Expanding Content

When does content matter?

I ask the question because I’ve been utterly convinced by a mentor and friend that it makes a significant difference in my teaching when I make a distinction between content and skills.I’m a big skills person. As in, I teach skills to my students. I should be able do this using any content my department asks me to use.  But it’s the skills they acquire that really matter. Ideally, I teach skills that help them be better musicians. After all, that is why they choose to attend Conservatory. (On days that I live in Utopia, I teach them skills to be better people….)

Do I want my students to remember the content from my class? Do I want them to know what a French Augmented Sixth chord is in five years (much less after a summer)? Kind of. After all, I care about French Augmented Sixth chords… shouldn’t they? But, I’d much rather they retain the skills I try to teach; to be able to say – “gosh, that spot in the music feels more intense than this similar spot.” And then to ask the bigger questions like “Why is this spot more intense (answer: more chromaticism)?”, “Why this spot instead of the similar one later?”, “Should these answers impact my performance?”, “What effect does that more intense chromaticism have on me?”, “How might I perform this differently from this recording?”, “How would this moment feel with a diatonic setting?” Etc. If they have the skills to ask those kinds of questions and then to answer them, I’m going to be one happy camper (teacher…).

But, I find myself obsessing a little bit over the content of my aural skills 1 class this semester.
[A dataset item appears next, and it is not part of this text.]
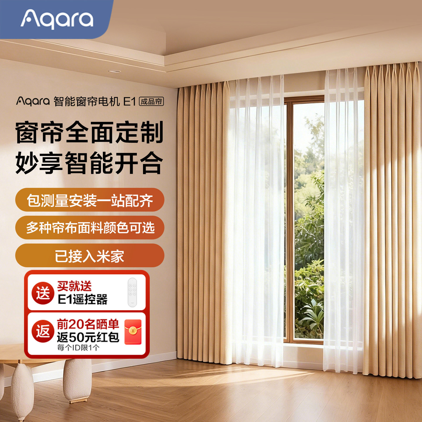 ⭕Aqara智能窗帘E1成品帘套装

I know/buy into/believe in/champion the skills we teach in this class, but the content we use to teach these skills—and, honestly, almost all of our skills in Conservatory music theory classes—is limited to the canon. You know, Bach, Beethoven, Mozart, and maybe Brahms, if you’re lucky. There are a few things motivating my obsession:

  • the biggest and fastest growth I’ve had as a musician has happened when I explored different musics. Can’t I find a way to share that experience with my students?
  • The music (read: content) that we traditionally use for aural skills 1 is boring: folk songs devoid of context, phrases (if you’re lucky to find something that long) that only use a few chords and the simplest of note values.
  • The music our students listen to, practice, and rehearse for hours on a daily basis is far more complex than the music we study. They’re often bored and even insulted by the content of aural skills 1.
  • I am bored with the content of aural skills 1.

So, one of my new teaching goals is to include other musics on a daily basis. I want to avoid tokenizing them. “Oh, here’s a really cool not-from-the-canon example that I’m going to show you to prove I care about teaching music that doesn’t necessarily come from dead white men.” It should be a daily experience that I imagine will stick out at the beginning, but they’ll get used to it.
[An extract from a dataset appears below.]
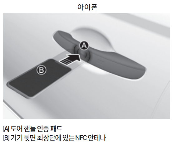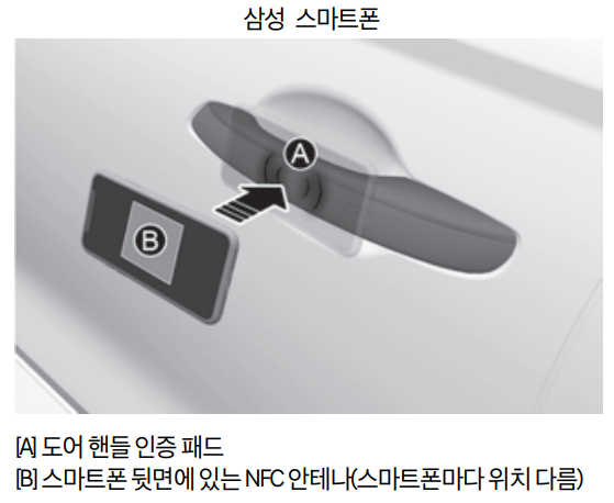 UWB 기능을 지원하지 않는 스마트폰의 경우 등록된 스마트폰의 NFC 안테나를 운전석 또는 동승석 도어 핸들 인증 패드에 2초 이상 접촉하면 도어가 잠금 또는 잠금 해제됩니다.

5 thoughts on “Expanding Content

  1. This is a constant debate in any field. One mantra – “teach less better” –another 21st century process skills. I like teaching skills too….but I think of content as the language of skills. Why teach them how to give a good oral presentation if they don’t have anything to say? In my field of ecology, one can analyze the “numbers” or data – but any conclusion lacks meaning without the ecological context or content. People like to present skills and content as inversely related but I would rather see them as complimentary.
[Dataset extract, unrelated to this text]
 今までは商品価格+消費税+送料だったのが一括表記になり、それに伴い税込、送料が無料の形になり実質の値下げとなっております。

    • Interesting–One of the first times I was introduced to this idea was in a teaching seminar that included two chemists who taught CHEM 101 and 102. Needless to say, content plays a huge role in those foundational classes. But, having something good to say doesn’t just depend on content, right? It also depends highly on their critical thinking, which definitely qualifies as a skill. I don’t think I can teach skills without content, for sure. So, there’s definitely some kind of give-and-take relationship there.

  2. I don’t know anything about aural skills or teaching music. But could you make a specific connection to the music the students in your course like/listen to (apart from the canon)? You could ask them to tell you what music they listen to, then challenge yourself to teach a skill or lesson using one of those pieces of music. (Or possibly ask them to apply the skills they’ve learned to a piece of music of their own choosing, but I don’t think that makes sense for aural skills?)

    • 🙂 well… now the posts will all come out one at a time instead of five or six ready to go… The dare game was fun. But it was really open-ended—I could draw on a huge slate of things to win. What you propose is a little more high stakes because I think it’s harder: given a specific topic, what piece can I find that illustrates it *and* is outside the canon? I’ve thought about offering extra credit for those kinds of things, because it really is cool and shows that students transfer (in a Bloom’s taxonomy kind of way) their knowledge from on example to an other. That leap of transferring is a big deal and rewardable. But I just don’t believe in extra credit (and can’t yet articulate why I don’t believe in extra credit).